Un seul TGV quotidien transite par Rouen et relie Le-Havre à Marseille avec un aller Nord > Sud le matin, et un retour le soir. Le train Le-Havre <> Strasbourg n’a survécu que quelques années avant de tomber dans l’oubli. Une liaison saisonnière vers Bourg-St-Maurice est proposée grâce à la mise en place de trains des neiges, généralement soudée depuis Mantes-la-Jolie avec un train de/pour Cherbourg.

Rénovée il y a peu, l’horloge n’a pas encore retrouvé ses aiguilles, à l’image du tableau des départs, dépourvu des trains habituels, n’empêchant pas l’express pour Paris d’entrer en gare. Que dis-je, l’express … Le NOMAD !

Jusqu’à 4 gares

Outre les deux pré-citées, la ville était pourvue des gares de Rouen-Martainville et Rouen-Orléans.
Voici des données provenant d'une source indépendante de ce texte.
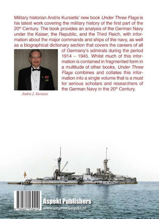 Military historian Andris Kursietis' new book Under Three Flags is his latest work covering the military history of the first part of the 20th Century. The book provides an analysis of the German Navy under the Kaiser, the Republic, and the Third Reich, with information about the major commands and ships of the navy, as well as a biographical dictionary section that covers the careers of all of Germany's admirals during the period 1914 - 1945. Whilst much of this information is contained in fragmented form in a multitude of other books, Under Three Flags combines and collates this information into a single volume that is a must for serious scholars and researchers of the German Navy in the 20th Century.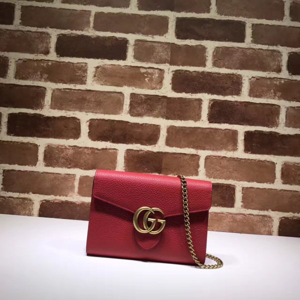 The GG Marmont mini chain bag has a removable chain shoulder strap and extensive interior space.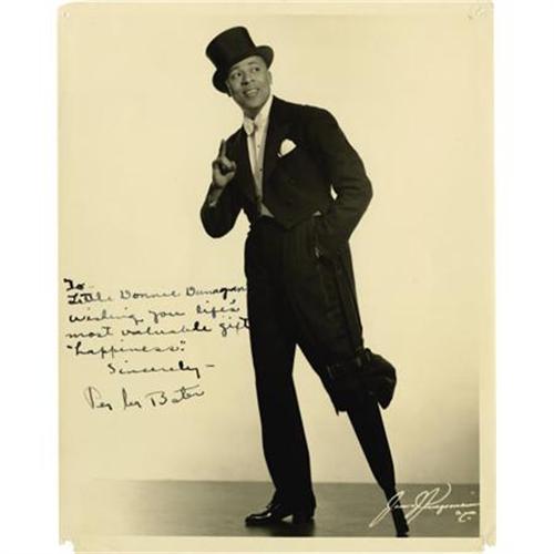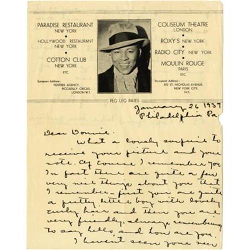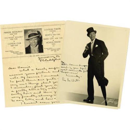 <B>Peg Leg Bates Signed Photo and Letter.</B></I> A dynamic 8" x 10" photo of Peg Leg Bates, in top hat and tuxedo, peg leg in evidence; signed in black fountain ink, "To Little Donnie Dunagan Wishing you life's most valuable gift 'happiness.' Sincerely - Peg Leg Bates." Also a letter on Bates' 8" x 10" professional letterhead (with photo and list of recent engagements), dated January 26, 1939 in Philadelphia, written in black fountain ink and signed in full, which accompanied the picture. Donnie had met Bates during a personal appearance, and had obviously written to him; Bates' return letter is kind and charming, with Bates promising to see Dunagan's "new picture" (which must have been <I>Son of Frankenstein</B></I>). The life of Peg Leg Bates (1907-1998) was fascinating, as he overcame his handicap (losing his leg in a cotton gin accident at age 12) to become a world-famous dancer who performed for the Queen of England, appeared at least ten times on <I>The Ed Sullivan Show</B></I> and danced until the night before he died (at age 91). There are pin holes in the picture's upper borders and tiny chips in the lower border edges, and a small chip in the right edge of the letter; overall Very Fine condition. A fine tribute to a show business legend. <I>From the Donnie Dunagan Archive</B></I>.<BR><BR><b>Shipping:</b> Flat Material, Small (<a target="_blank" href="http://www.heritageauctions.com/common/shipping.php">view shipping information</a>)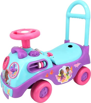 MY FIRST LIGHTS N' SOUNDS: ACTIVITY RIDE-ON - ARIEL - Dive into an enchanting undersea adventure with Ariel and this beautifully designed ride-on toy, featuring vibrant shades of blue, pink, and purple adorned with whimsical mermaid graphics! This magical ride-on is packed with interactive features that spark your little one’s imagination while providing hours of fun and active play. The activity-filled dashboard offers endless entertainment, including a charming little clock for imaginative role-play, a peek-a-boo window to engage curious minds, and a removable play phone that encourages creative storytelling and pretend play. Your child can lift the seat cover to discover a handy storage compartment, perfect for keeping small treasures and toys safe during their aquatic adventures. The sturdy seat-back handle doubles as a push-along support, allowing toddlers to build their confidence and stay active while enjoying their journey under the sea. Designed with safety and durability in mind, this ride-on ensures hours of secure playtime for your little adventurer, whether they’re exploring indoors or outdoors. The lively sounds and flashing lights bring the magical world of Ariel to life, making every ride an unforgettable experience. Powered by 2 AA batteries (included), this ride-on is ready to deliver excitement straight out of the box. Beyond the fun, this activity-packed ride-on supports early childhood development by helping improve gross motor skills, enhancing balance and coordination, and fostering independent play. Ideal for toddlers ages 12 months and up, it’s the perfect way to encourage growth, exploration, and creativity while embarking on magical adventures with Ariel.
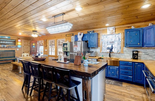 The open, chef’s kitchen features stainless steel appliances, including a double oven and eight-burner gas stovetop, an enormous farmhouse sink, shabby chic blue cabinetry and warm butcher block countertops, including at the large breakfast bar. There’s a dinner bell mounted outside on the deck, so you can call in the troops when it’s time to eat. Dine at the table for six, or grab one of four barstools at the bar or a seat at the high-top table to keep it casual.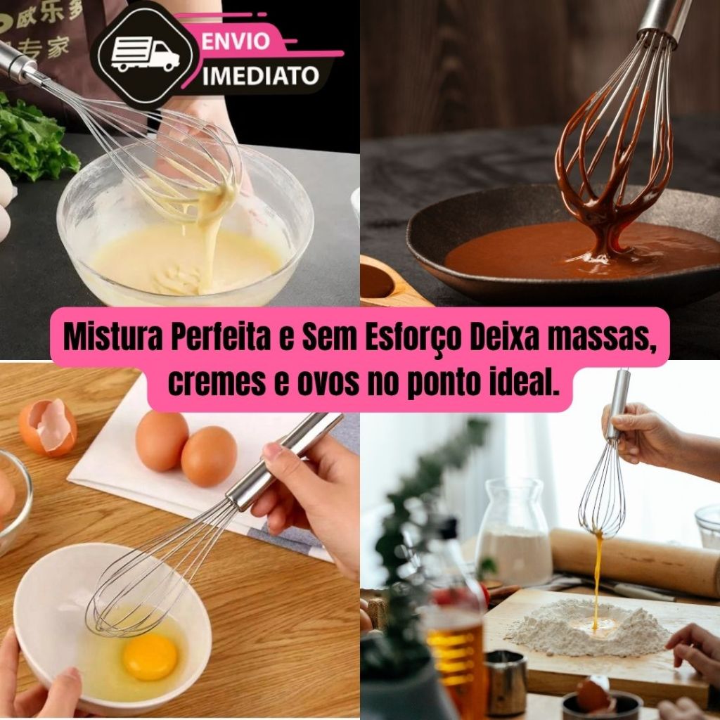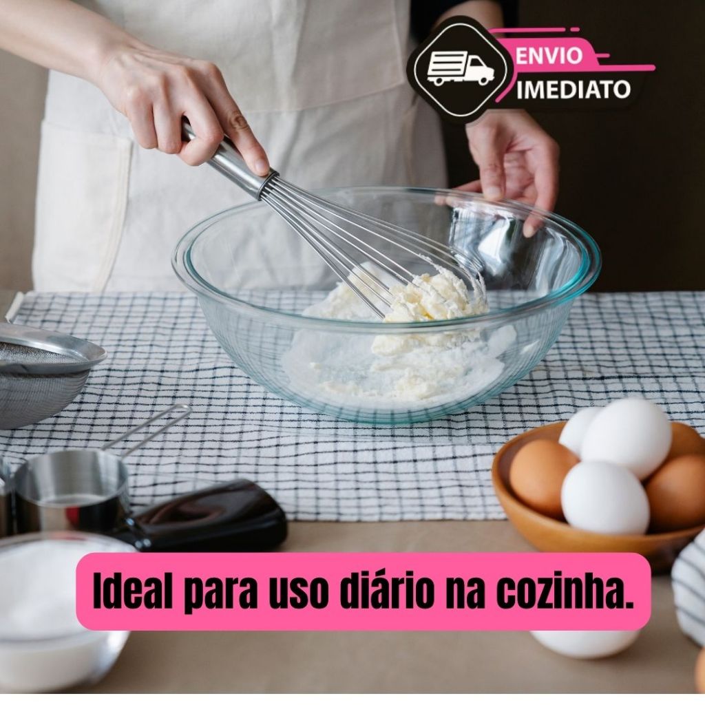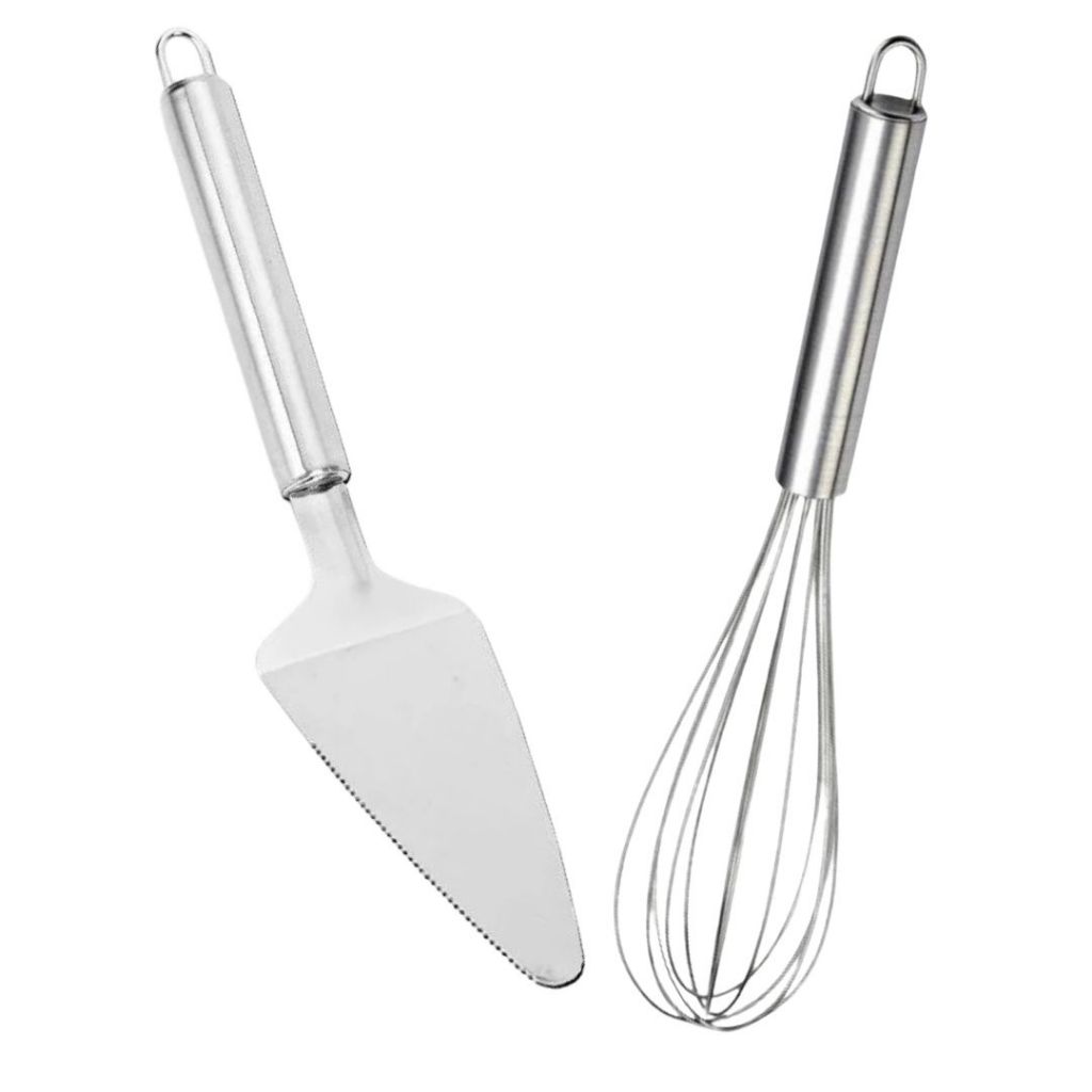 Kit Fouet Batedor de Arame + Espátula de Bolo Cozinha Confeitaria Inox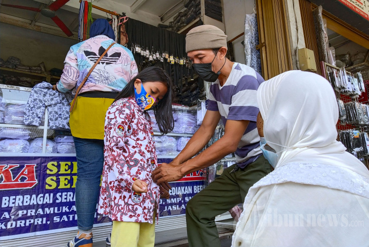 Orang tua membeli seragam sekolah untuk anaknya di salah satu toko seragam sekolah di Jalan Cipaera, Kota Bandung, Jawa Barat, Jumat (7/1/2022). Penjualan seragam sekolah di Kota Bandung masih sepi jelang pembelajaran tatap muka (PTM) 100 persen, pada Senin, 10 Januari 2022. Para pedagang menduga masih melandainya penjualan seragam sekolah diperkirakan karena sebagian orang tua masih menunggu terkait kepastian jadi tidaknya digelar PTM. Karena pengalaman sebelumnya pelaksanaan PTM di Kota Bandung pernah dihentikan saat kasus Covid-19 meningkat. TRIBUN JABAR/GANI KURNIAWAN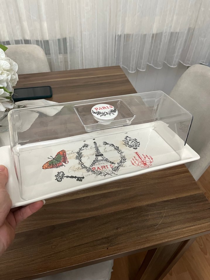 Paris temalı desenler ve kelebek figürü bulunan beyaz pasta kabı, şeffaf kapaklıdır ve yuvarlak kulpludur .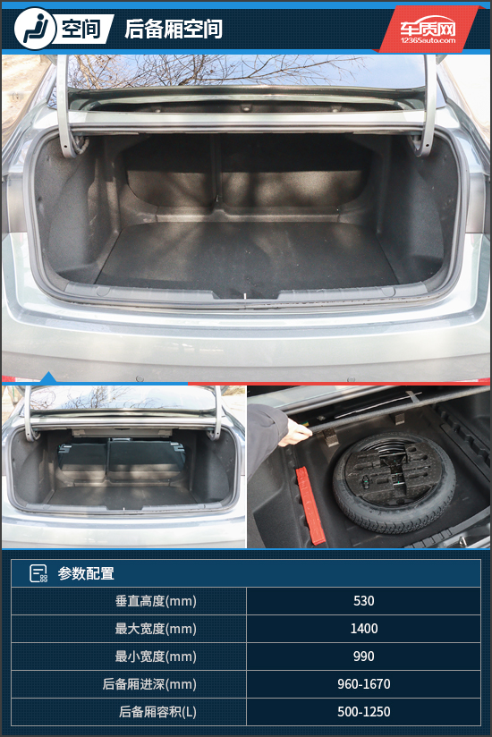 打开后备厢,内部比较规整,常规状态下容积为500L,可容纳3-4个登机箱,将后排座椅比例放倒后,容积可扩展至1250L,放置一些大件物品不成问题。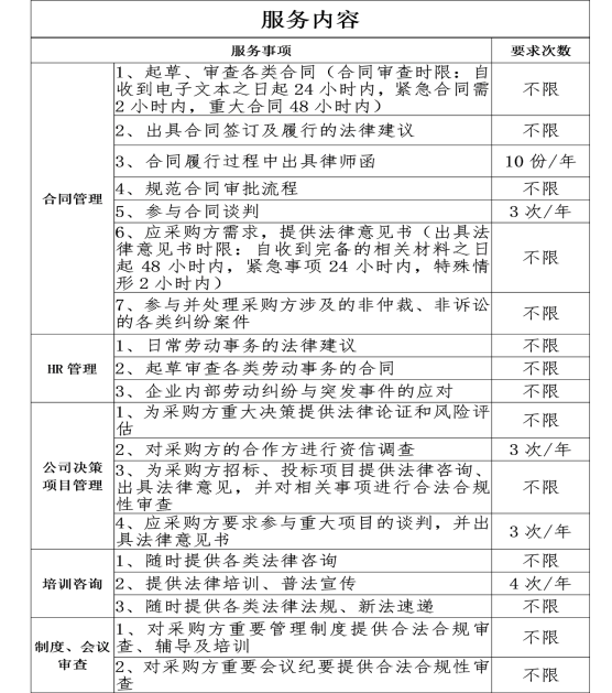 1、采购“法律服务”工作具体见《服务内容表》(附表1);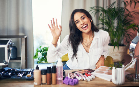 Beautiful woman with a social media influence is greeting the audience for recording vlog video live streaming, Showing how to make up and use cosmetics, Online business on concept of beauty bloggers.
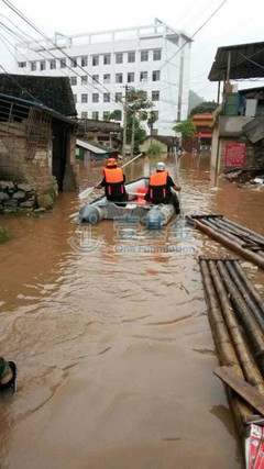 7月22日,壹基金工作人员与救援队队员前往锦山镇桥坡村实地灾情评估,为发放第二批救灾物资做准备。

La première a fonctionné de 1867 à 1980, date à laquelle la gare de Rouen-Martainville a été détruite. Elle était l’origine de la ligne Rouen > Amiens via Serqueux et Abancourt. Cette ligne est toujours en service, mais son terminus est désormais Rouen-Rive-Droite.

La seconde, comme son nom l’indique, était l’origine de la ligne de Rouen à Orléans via Louviers, Dreux, Chartres puis Voves. La section Rouen > Chartres est fermée à la circulation tandis que la ligne Chartres > Voves accueille encore un trafic voyageurs et marchandises, et la section entre Voves et Orléans est en cours de réhabilitation. Ouverte en 1883, la gare de Rouen-Orléans sera détruite en 1944 lors des bombardements. Seul un poste d’aiguillage portant la mention « Rouen-Orléans » subsiste, commandant les installations d’un faisceau de voies de service.